## TASK BRIEF:
From the line that holds "Světlerůžové plyšovo/tylové šaty" down to the last line of the listing below, reproduce each line exactly and nothing more, omitting pictures.

## DATA SECTION:
--- START ---
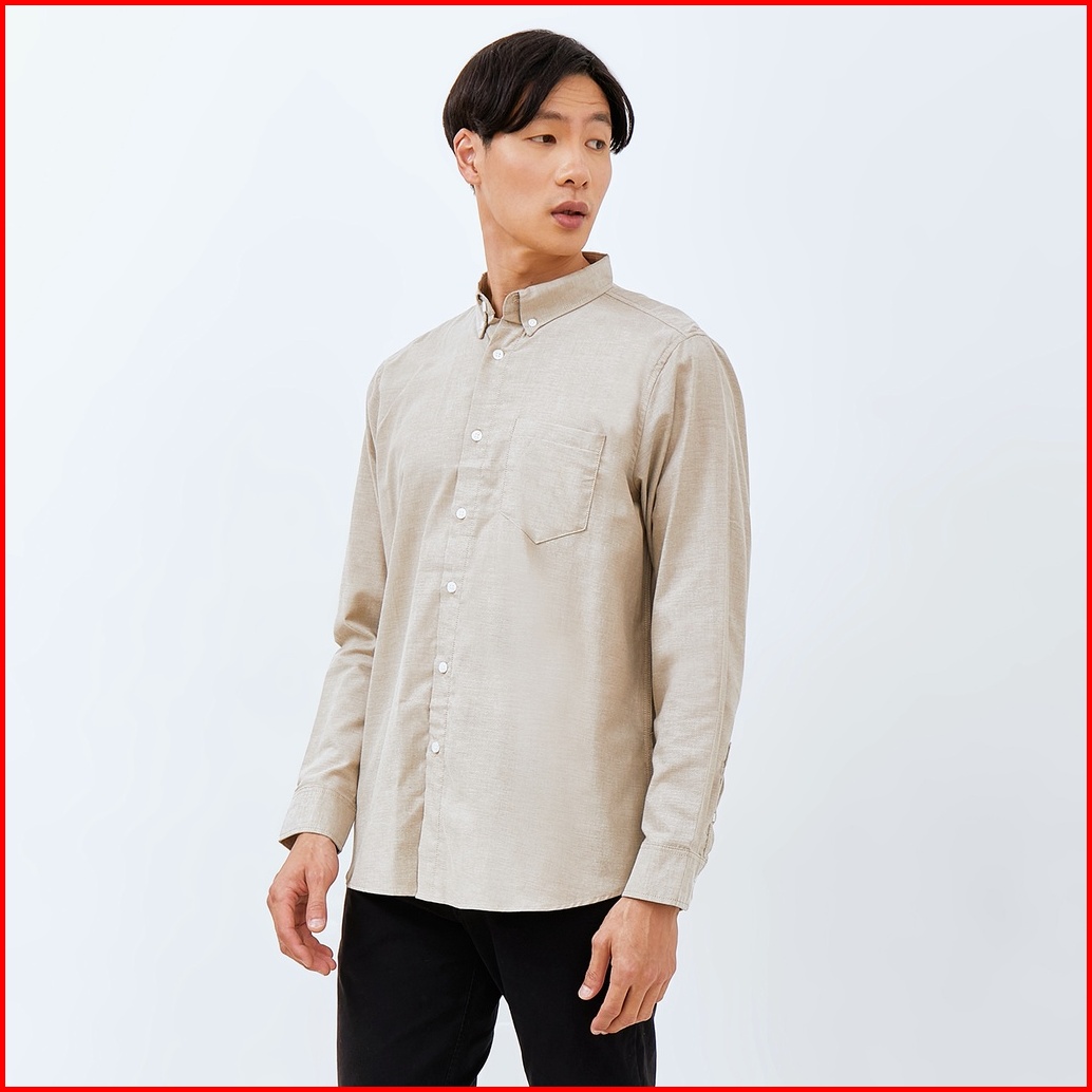 M231 Kemeja Pria Basic Polos Oxford Panjang Khaki 1456a
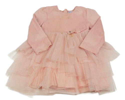 Světlerůžové plyšovo/tylové šaty s mašlí Mayoral
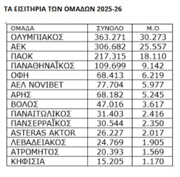 Συνολικά, στις 26 πρώτες αγωνιστικές βρέθηκαν στις εξέδρες 1.406.823 φίλαθλοι, αριθμός που μεταφράζεται σε μέσο όρο 7.993 θεατών ανά παιχνίδι. Πρόκειται για σημαντική αύξηση σε σχέση με την περσινή σεζόν, όπου είχαν καταγραφεί 1.182.478 εισιτήρια και 6.497 θεατές κατά μέσο όρο.
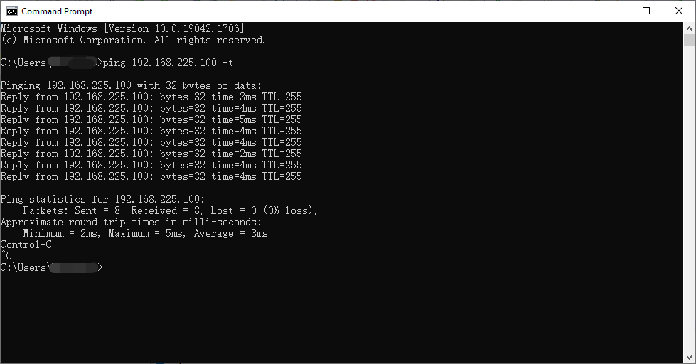 Open the terminal to ping 192.168.225.100, you should be able to see the the reply, showing that the example works.
--- END ---
## ANSWER:
 Světlerůžové plyšovo/tylové šaty s mašlí Mayoral
 Συνολικά, στις 26 πρώτες αγωνιστικές βρέθηκαν στις εξέδρες 1.406.823 φίλαθλοι, αριθμός που μεταφράζεται σε μέσο όρο 7.993 θεατών ανά παιχνίδι. Πρόκειται για σημαντική αύξηση σε σχέση με την περσινή σεζόν, όπου είχαν καταγραφεί 1.182.478 εισιτήρια και 6.497 θεατές κατά μέσο όρο.
 Open the terminal to ping 192.168.225.100, you should be able to see the the reply, showing that the example works.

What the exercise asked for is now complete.